Salim est descendu m'accueillir. Je me souviens m'être dit qu'il n'avait pas vraiment changé mais c'est idiot, ça ne faisait que quelques mois qu'il s'en était allé. Je pense aujourd'hui que je traquais la trace d'un autre changement, celui que ne montraient pas son jogging, ses tong, son tee-shirt blanc. Il m'a embrassé chaleureusement. J'avais l'impression, alors même que ce que je voulais c'était seulement profiter de cette étreinte, qu'il me serrait fort pour me protéger par avance de ce qu'il ne maîtriserait plus ensuite. Dès cet instant, ce qui suivrait n'avait plus vraiment d'importance. J'avais compris que rien n'irait comme je l'avais prévu mais je devais cependant rester pour le découvrir. 

J'ai dit deux-trois choses de circonstances, j'ai raconté comment j'étais arrivée depuis la gare jusqu'à chez lui. Nous sommes montés au 4ème étage et il m'a ouvert la porte sur son appartement. Je cherchais Sonia du regard en faisant mine de m'intéresser à son petit logis. C'était minuscule et terriblement vide mais propre et ordonné. De grandes boîtes en plastique contenaient encore leurs vêtements et des objets divers. Un odeur  très féminine enveloppait tout l'appartement. Je recherchais le matériel de mon frère, je m'attendais à retrouver sa chambre, mais déplacée à Paris. Je ne voyais ni son ordi, ni son casque, ni ses claviers, ni son synthé, ni rien.  Pour camoufler mon étonnement, je dis seulement que c'était mignon et propre. Il sourit et je retrouvai alors une expression que je connaissais : il savait ce que je cachais. Il posa alors mon petit bagage dans un coin de l'entrée et m'invita à m'installer autour de la table du petit salon. Je m'apprêtais à me déchausser quand il me fit signe de ne pas me donner la peine. Je me souviens avoir blagué sur les bonnes manières inculquées par maman qui s'étaient bien vite envolées. J'y pense maintenant et je me trouve stupide et naïve. On a échangé quelques mots rapides puis il en est venu au fait :

"Il est 23h30 Sonia ne va plus tarder à rentrer. Tu sais, elle ne va pas apprécier que tu sois là sans avoir été prévenue. En plus, c'est petit ici comme tu vois. Le mieux c'est que je te trouve un endroit où passer la nuit et on se verra demain à la première heure."

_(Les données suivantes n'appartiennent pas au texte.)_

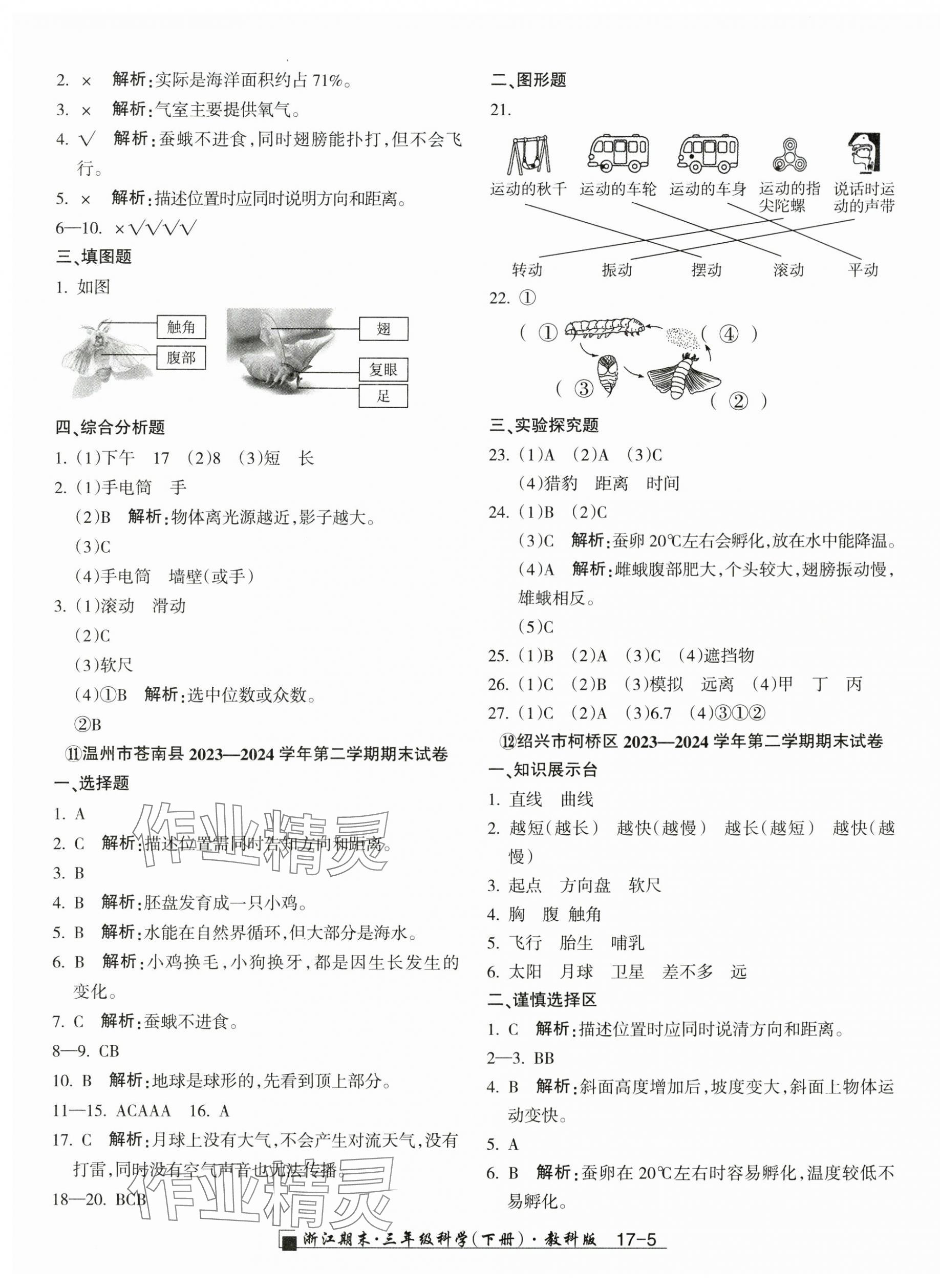 注:目前有些书本章节名称可能整理的还不是很完善,但都是按照顺序排列的,请同学们按照顺序仔细查找。练习册 2025年励耘书业浙江期末三年级科学下册教科版 答案主要是用来给同学们做完题方便对答案用的,请勿直接抄袭。
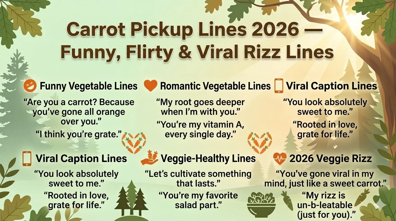 Carrot pickup lines are playful, low-pressure openers that use carrot imagery and vegetable puns to stand out from bland greetings. They work because they’re surprising, brief, and often funny — and because a little humor lowers social defenses. This article is structured for easy scanning:
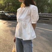 ブラウス 半袖 無地 夏 かわいい 大人可愛い きれいめ シンプル カジュアル 大人 上品 おしゃれ お洒落 大人女子 ラフ キュート エレガント ラウンドネック 袖あり パフスリーブ 白 ホワイト 青 ブルー M L XL 2XL 10代 20代 30代 女性用 ママ オフィス ビジネス OL 通勤 学生 通学 デート お出かけ 公園デビュー 女子会 休日 着回し 普段使い ファッション コーデ モテ 送料無料
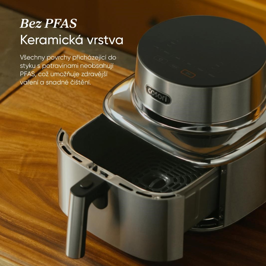 COSORI Iconic byl navržen jako přirozená součást moderního interiéru, ne jako obyčejný spotřebič. Nerezová ocel a tvrzené sklo vytvářejí čistý, klidný vzhled, který krásně zapadne do minimalistických kuchyní. Je to objekt, který potěší oko pokaždé, když kolem něj projdete.
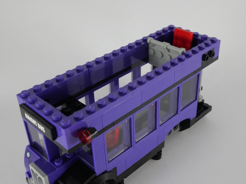 On passe alors au deuxième sachet de pièces, qui commence par l’aménagement arrière pour fermer l’ensemble construit précédemment. Une partie du plancher du second niveau est construite, qui dispose d’un unique siège à l’arrière. Le reste est ouvert, comme dans la Magicobus original. On repasse alors sur l’avant avec l’ajout des feux de gabarit et d’une tile décorée d’un autocollant « Knight Bus ». On termine ce second niveau avec l’ajout des fenêtres, de tiles pour recevoir le 3ème niveau, et de quelques pancartes. Une fois n’est pas coutume, on assemble les roues avant la fin de la construction du véhicule, puis le lustre articulé sur un pin Technic.
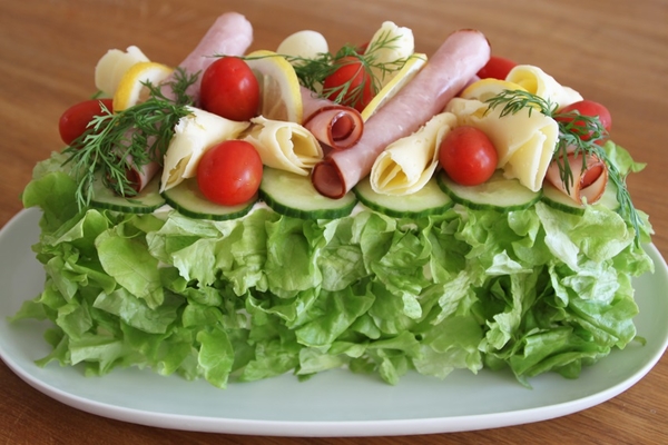 Затем бока торта промазываем оставшимся кремом или майонезом. Украшаем торт измельченной зеленью, помидорами, кружочками огурца и лимона, а также трубочками из ветчины.
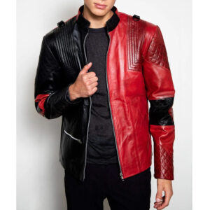 $180.16 – $188.78Price range: $180.16 through $188.78For both genders Inspired by the song: Ha Live Fast Die Worn by: Harley Quinn Material: Genuine leather Inner: Viscose lining Color: Red and black Collar: Stand up style Front: Zipper closure Sleeves: Full and fitted Cuffs: Zippered Pockets: One zipper pocket on the waist and internal pocket Quilted detailing on shoulders and sleeves Logo: “Live Fast Die Clown” is written on the back Refined stitching
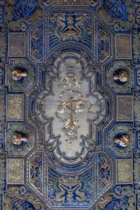 Por último, hay que recordar que el techo sigue un diseño arquitectónico de estilo palaciego, figurando en el centro el Santo Sudario, titular de la hermandad del Miércoles Santo.
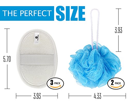 Exfoliating Shower Loofah Sponge Pads By Home Prime - 3 Pack of Loofah Sponge Pads + 2 Mesh Pouf Sponges.
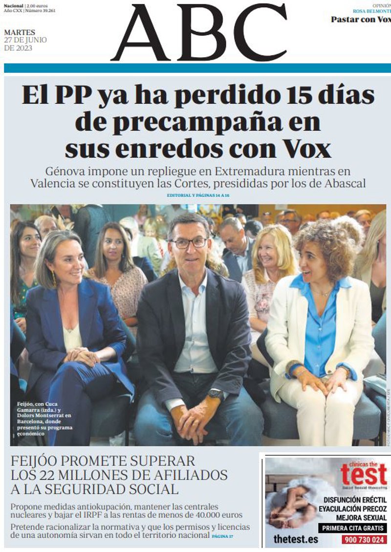ABC: "El PP ya ha perdido 15 días de precampaña en sus enredos con Vox. Génova impone un repliegue en Extremadura mientras en Valencia se constituyen las Cortes, presididas por los de Abascal"; "Feijóo promete superar los 22 millones de afiliados a la seguridad social".
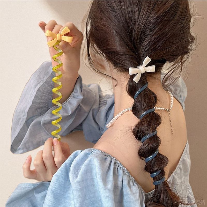 电话线发圈头绳女款2024新款高级感春夏可爱蝴蝶结泡泡辫编发神器

Je trouvais son air piteux vraiment dégoûtant. J'ai posé quelques questions pour m'assurer d'avoir compris correctement ce qu'il me disait. Mon esprit s'est empli rapidement de plusieurs scénarios possibles en guise d'issue à cette scène. Je me demandais, entre chaque insulte que je m'imaginais lui lancer, si je n'en faisais pas trop. Après tout, peut-être que j'exagérais. Peut-être qu'il n'y avait rien de grave à ce que mon frère me propose de passer la nuit ailleurs que chez lui parce que sa femme n'avait pas été prévenue de ma venue. L'excuse de la place qui manquait, à d'autres! Le canapé aurait parfaitement fait l'affaire. J'ai dit comme un coup que je lui assénais : "J'aurais donc dû attendre un carton d'invitation de la part de Sonia pour pouvoir dormir 2 nuits sur le canapé de mon frère". Il resta silencieux. Immédiatement, je m'en suis voulue mais j'étais confuse sur ce que je devais faire ou pas. Visiblement, il ne voulait pas non plus ce qui se passait. 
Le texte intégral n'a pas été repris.